- Modern-era Red Barbarian

Publication information
- Publisher: Marvel Comics
- First appearance: Tales of Suspense #42 (June, 1963)
- Created by: Stan Lee Robert Bernstein Don Heck

In-story information
- Alter ego: Colonel Andre Rostov
- Partnerships: The Actor
- Notable aliases: Excellency Warden
- Abilities: None

= Red Barbarian =

The Red Barbarian is a character appearing in American comic books published by Marvel Comics. The character is depicted as a villain and the alter ego of Colonel Andre Rostov. First appearing in Tales of Suspense #42 (June, 1963), the Red Barbarian was created by Stan Lee, Robert Bernstein and Don Heck.

==Fictional character biography==

===1960s===

Tales of Suspense #42 (June 1963): Red Barbarian debuts. Cover art by Don Heck.

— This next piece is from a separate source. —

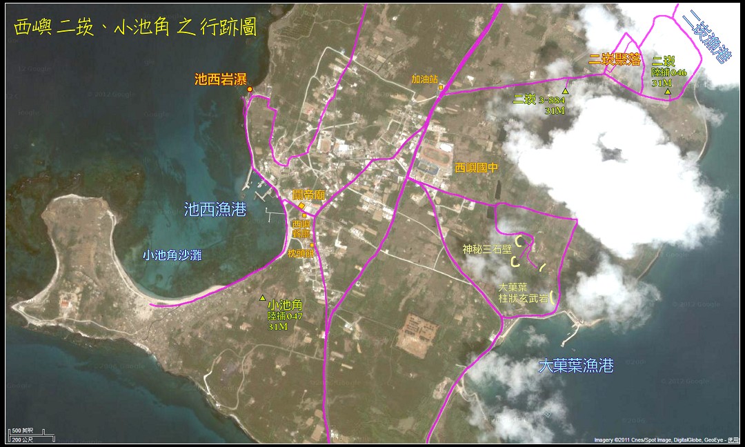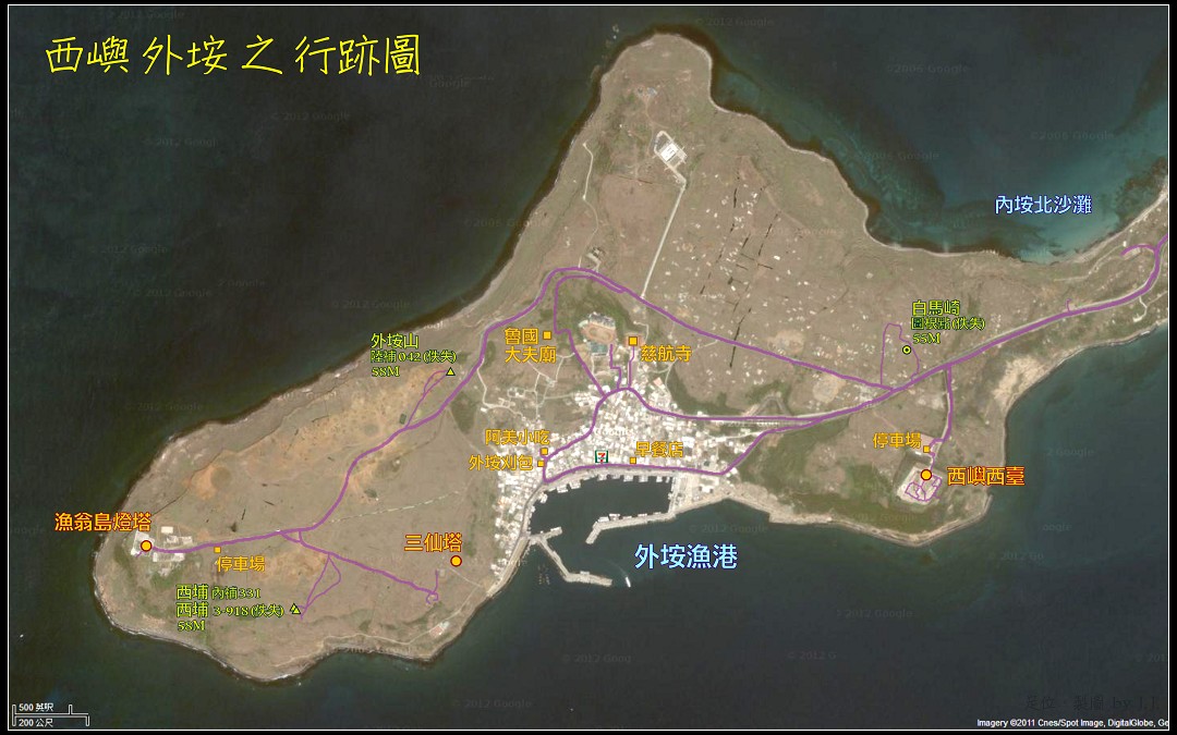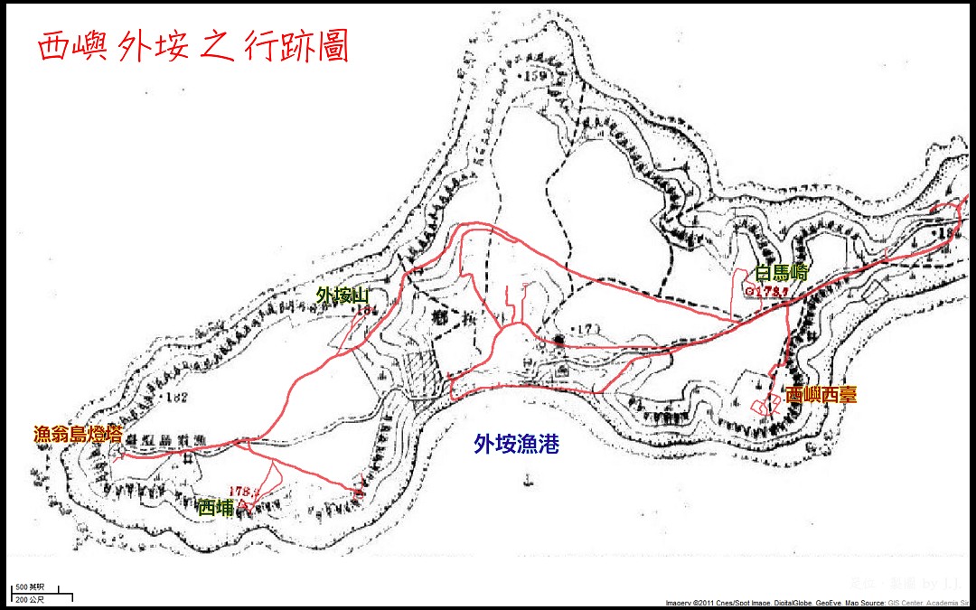 ◎ 西嶼內垵之行跡地圖, 底圖摘自中研院網站 http://gissrv4.sinica.edu.tw/gis/twhgis.aspx 的Google 衛星圖層.

The Red Barbarian was a Communist general in an unnamed country, known for his brutality. After an attempt to steal an atomic bomb prototype from Stark Industries is foiled by Iron Man, the Red Barbarian is approached by another Soviet agent known as the Actor who is superior in disguising himself. The duo scheme to steal the secret disintegrator ray blueprints of Tony Stark. The Actor is sent to impersonate Stark and get the plans. The Actor succeeds in doing so, through the means of changing from disguise to disguise, and even learns the secret identity of Iron Man. However, Iron Man manages to get back the classified papers from the Actor. Posing as the Actor, Iron Man meets with the Red Barbarian. When the actual Actor returns, the Red Barbarian thinks he is the imposter and shoots him before he can reveal Iron Man's secret identity.

===2010s===
After a long period of absence, the Red Barbarian resurfaces as the warden of a gulag where Bucky Barnes is serving time for killing two Russian citizens. He is later seen living in the Bahamas until he is assassinated by Barnes.

==Other versions==
An alternate universe version of the Red Barbarian appears in Iron Man and the Armor Wars, an adaptation of the "Armor Wars" storyline.